In our marriage, the first time that Nancy was emotional over a relationship with a friend, I handled it like a guy. I said things like, “get over it,” “she’s not that good of a friend anyway,” and “it’s not worth getting upset about.” With our strong personalities, this situation soon turned into a fight. Now all of a sudden I was the bad guy and I had no clue why. I do give Nancy a lot of credit. She tried to tell me what she was thinking and feeling. I just did not hear her. I was so sure that she was making a big deal out of nothing that I basically ignored her.
Honestly, in those early years of marriage, I was a really slow learner. It took a long time before the idea came to me that her feelings, emotions, and how she viewed situations might actually be valid. I am really not sure what made the difference but I think I finally began to listen to her and tried to hear what she was saying.
Today there are still times that I do not get her responses but I am different. I listen better. I consciously try to put myself in her shoes. I ask myself, “What does this situation look like through Nancy’s eyes?” and “How is her perspective different than mine?” Those two questions, coupled with taking time to listen and process before I respond, has made a huge difference for us. I can truly empathize with her without judging.

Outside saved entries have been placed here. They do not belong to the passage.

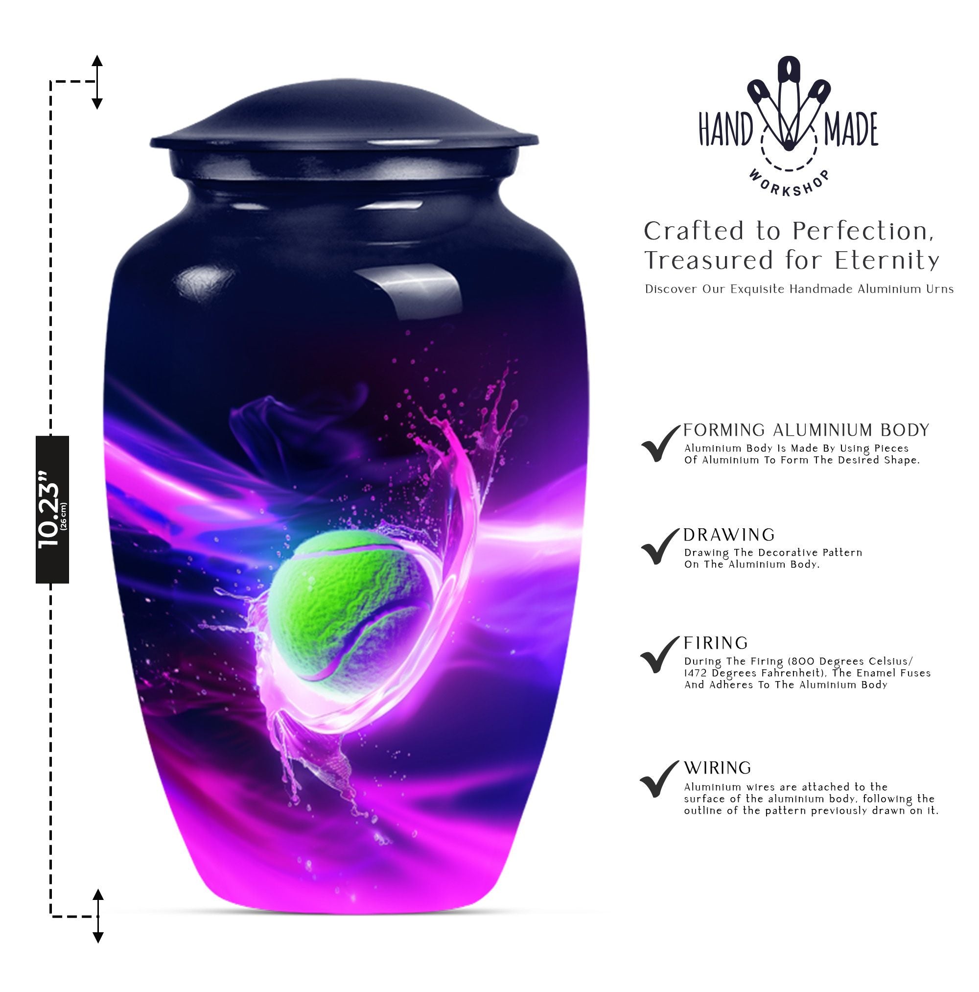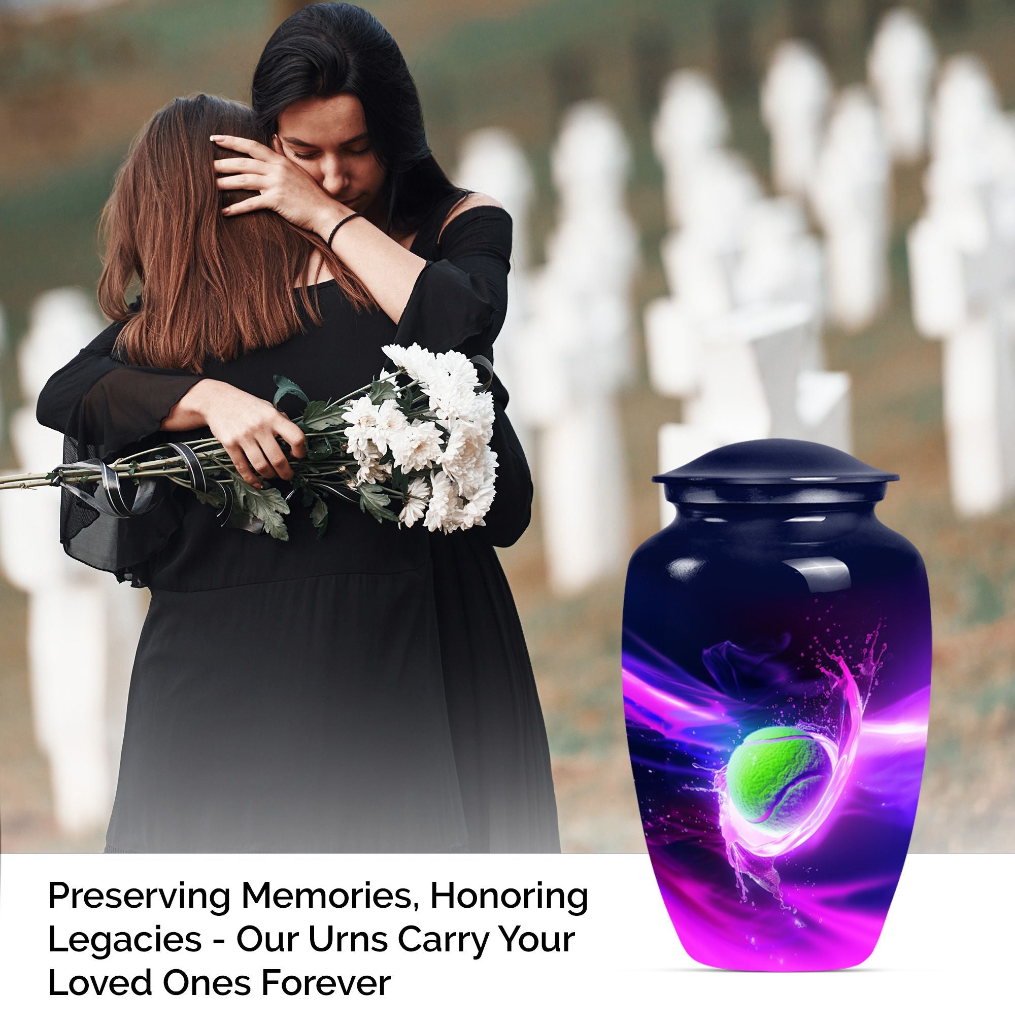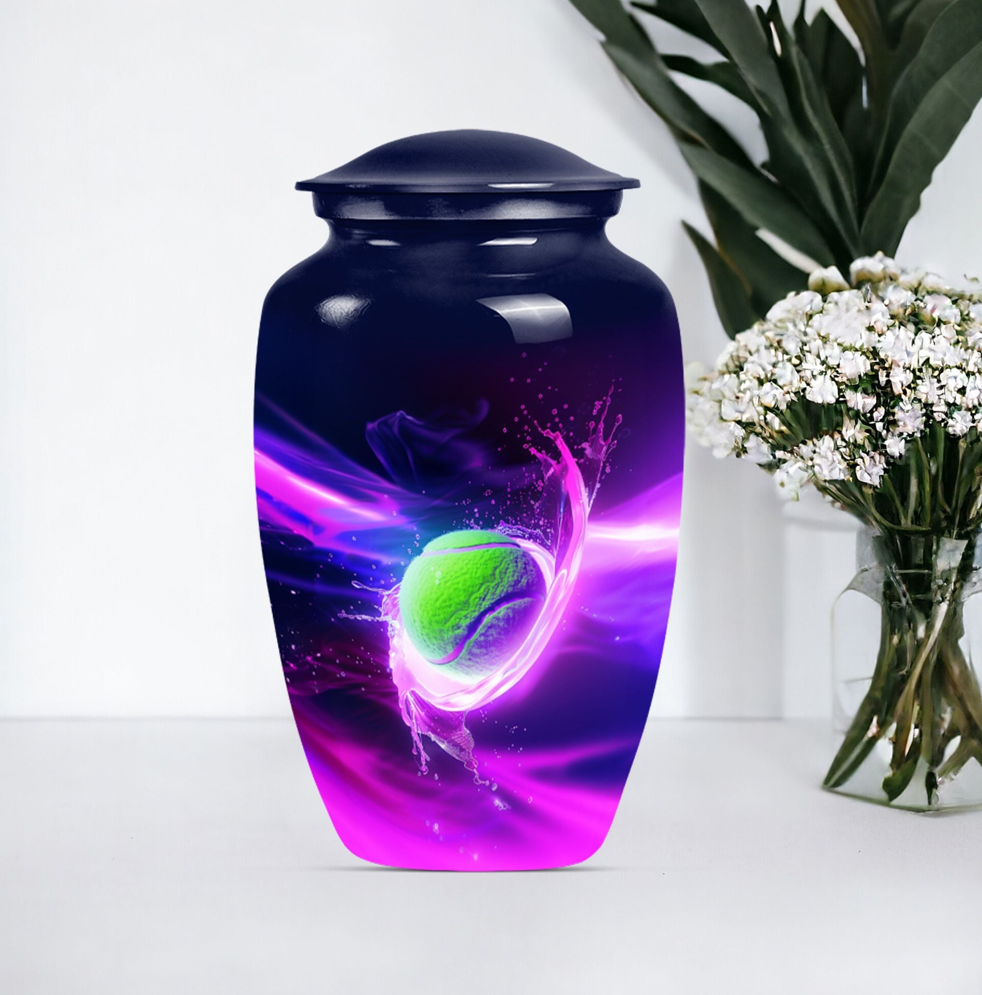 Our Purple Meadow, Large Tennis Urn brings a unique layer of respect to memorial ceremonies. This burial funeral urn for adult ashes has a dignified and sober theme that transcends time perfectly. Made from premium-grade Aluminium, it is durable and meticulously crafted to hold up to 200 cubic inches of ashes comfortably. Standing tall at 10 inches height and weighing just 3.3 pounds, its impressive size makes it a fitting tribute memory of your loved ones. The package also comes with a velvet pouch for containment of ashes, presenting the warming touch of tenderness to the proceedings. You can also make it that much personal with our offer to personalize each urn with engraved names. Embrace a tribute that speaks volumes of your love, choose our Purple Meadow, Classic Tennis Urn, for a memorable and fitting closure. Stand out keywords that are coherent with this product include 'Cremation large urn for ashes', 'ash adult ashes women', 'earn cremation', 'metal urns for burial in ground'.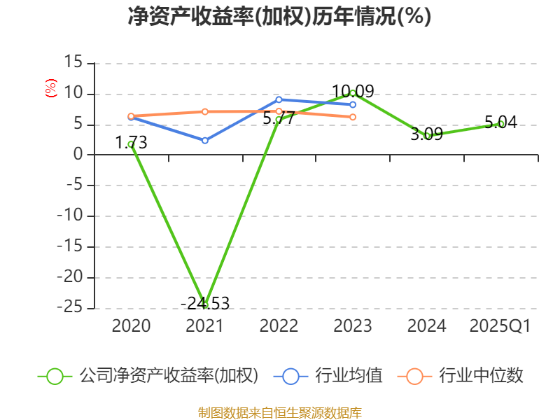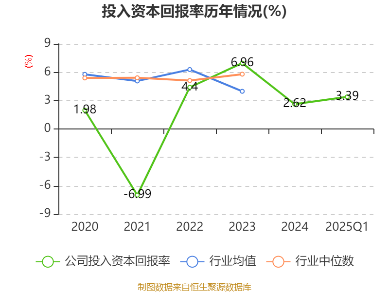 盈利能力方面, 2025年一季度公司加权平均净资产收益率为5.04%,同比上升6.15个百分点。公司2025年第一季度投入资本回报率为3.39%,较上年同期上升3.46个百分点。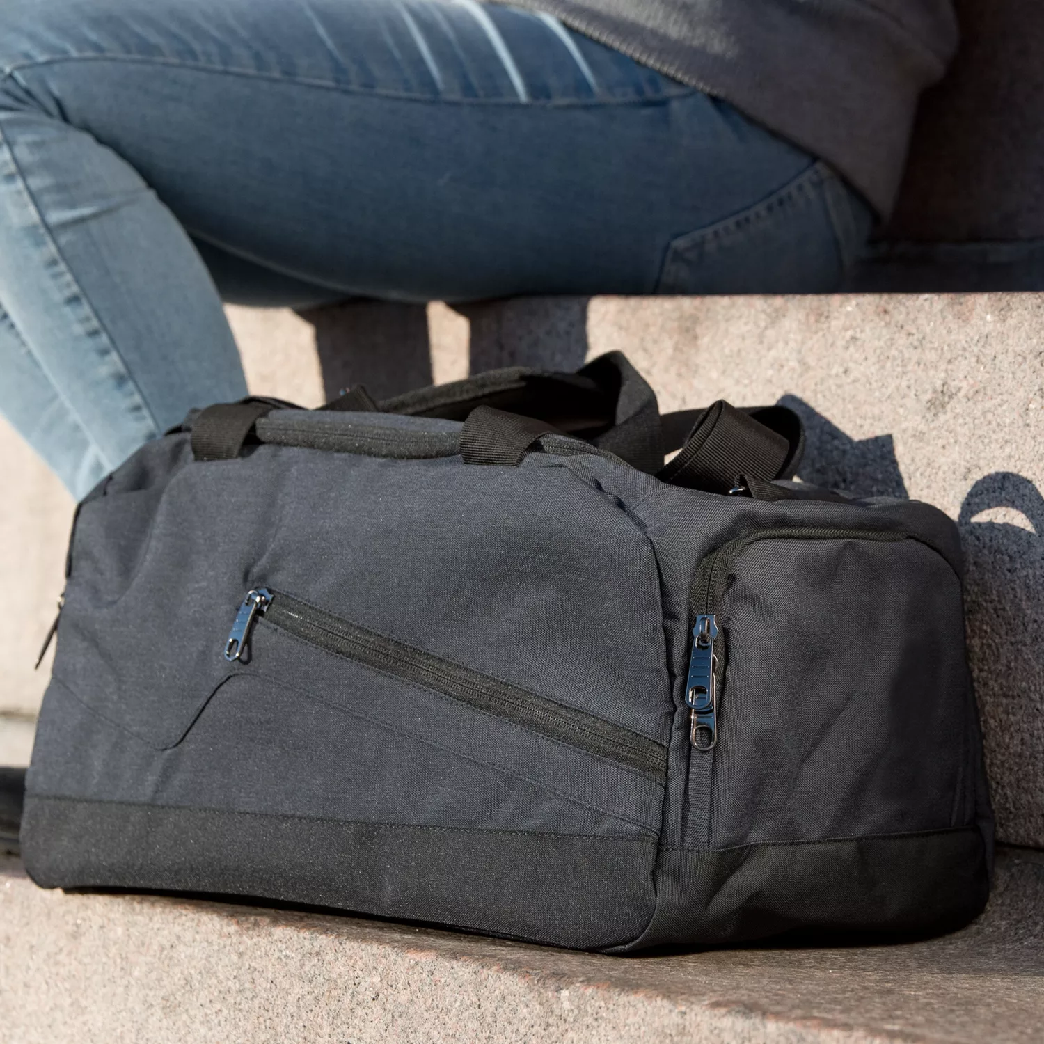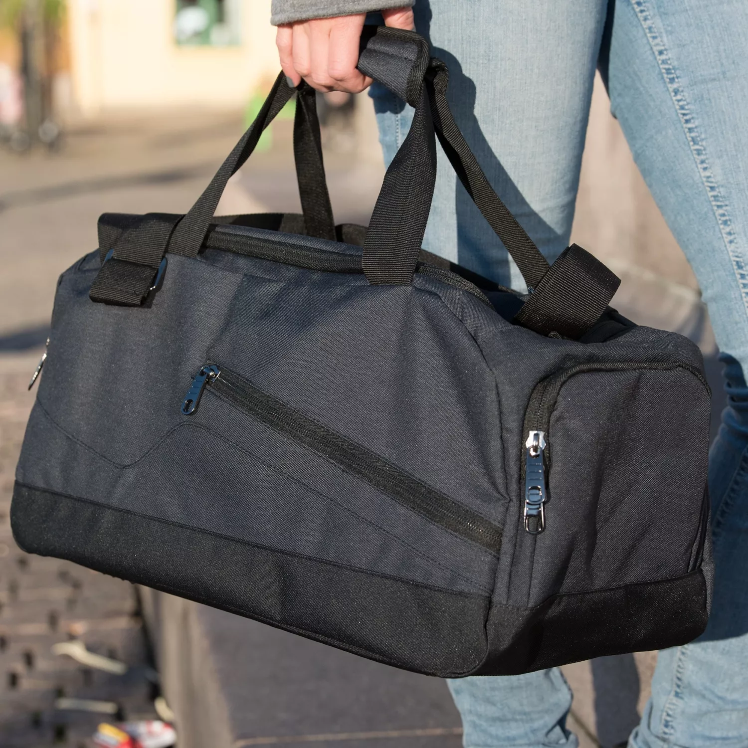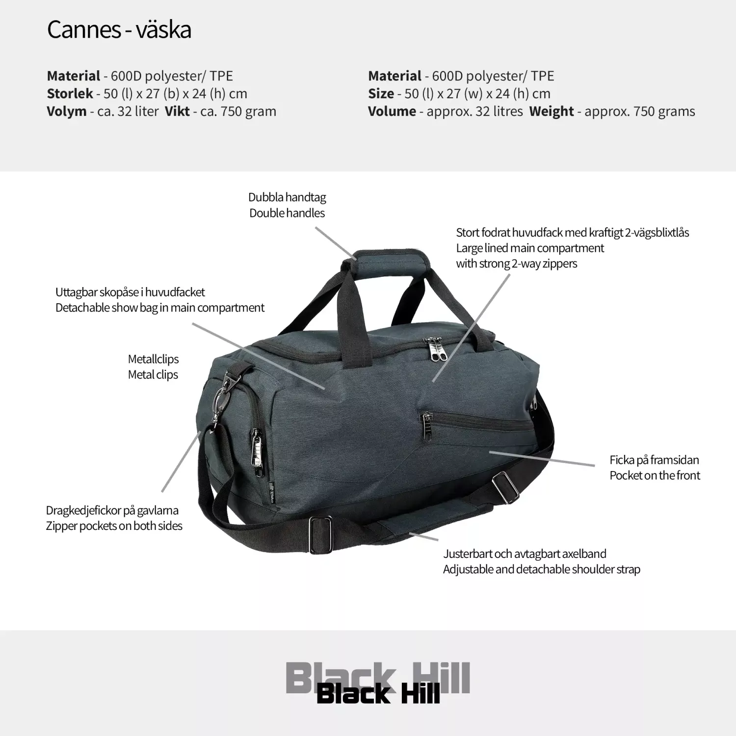 Sport/weekendväska från Black Hill i snygg design. Väska Cannes är gjord i väldigt mjukt och följsamt antracitfärgat material. Väskan rymmer cirka 32 liter och är smidig och utmärkt till träningen, gymmet eller weekendresan. Den är utrustad med sidofickor, sko-/klädpåse, bärhandtag samt justerbart och avtagbart axeband med mjuk axelplatta för extra komfort.
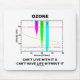 Showcase your wry ozone attitude with this mousepad featuring a graph of the ozone layer in Earth's atmosphere along with the varying levels of blockage for different ultraviolet radiation. Comes with the truism saying about the role of ozone to life on Earth, since ozone blocks damaging rays from the Sun which causes genetic damage but is also known as a pollutant in the atmosphere: "Ozone Can't Live With It & Can't Have Life Without It".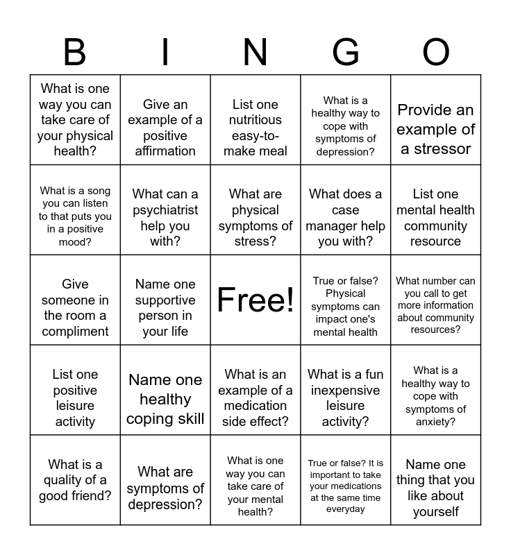 This bingo card has a free space and 24 words: What is a quality of a good friend?, Name one healthy coping skill, What are physical symptoms of stress?, True or false? It is important to take your medications at the same time everyday, Provide an example of a stressor, What is one way you can take care of your physical health?, Give an example of a positive affirmation, List one nutritious easy-to- make meal, True or false? Physical symptoms can impact one's mental health, What number can you call to get more information about community resources?, Give someone in the room a compliment, What can a psychiatrist help you with?, What is a fun inexpensive leisure activity?, What is a healthy way to cope with symptoms of anxiety?, What is a song you can listen to that puts you in a positive mood?, What are symptoms of depression?, What is one way you can take care of your mental health?, What is a healthy way to cope with symptoms of depression?, List one mental health community resource, List one positive leisure activity, Name one supportive person in your life, What is an example of a medication side effect?, What does a case manager help you with? and Name one thing that you like about yourself.

What about you and your spouse? What if you took time to put yourself in their shoes? What if you really listened to them when they were sharing something with you that was important to them? What if you ask yourself how this looks through their eyes? What if you acknowledge that you would handle the situation in a different way without judging their way of handling it? It changed so much for me and my marriage. Why not try it? What is holding you back?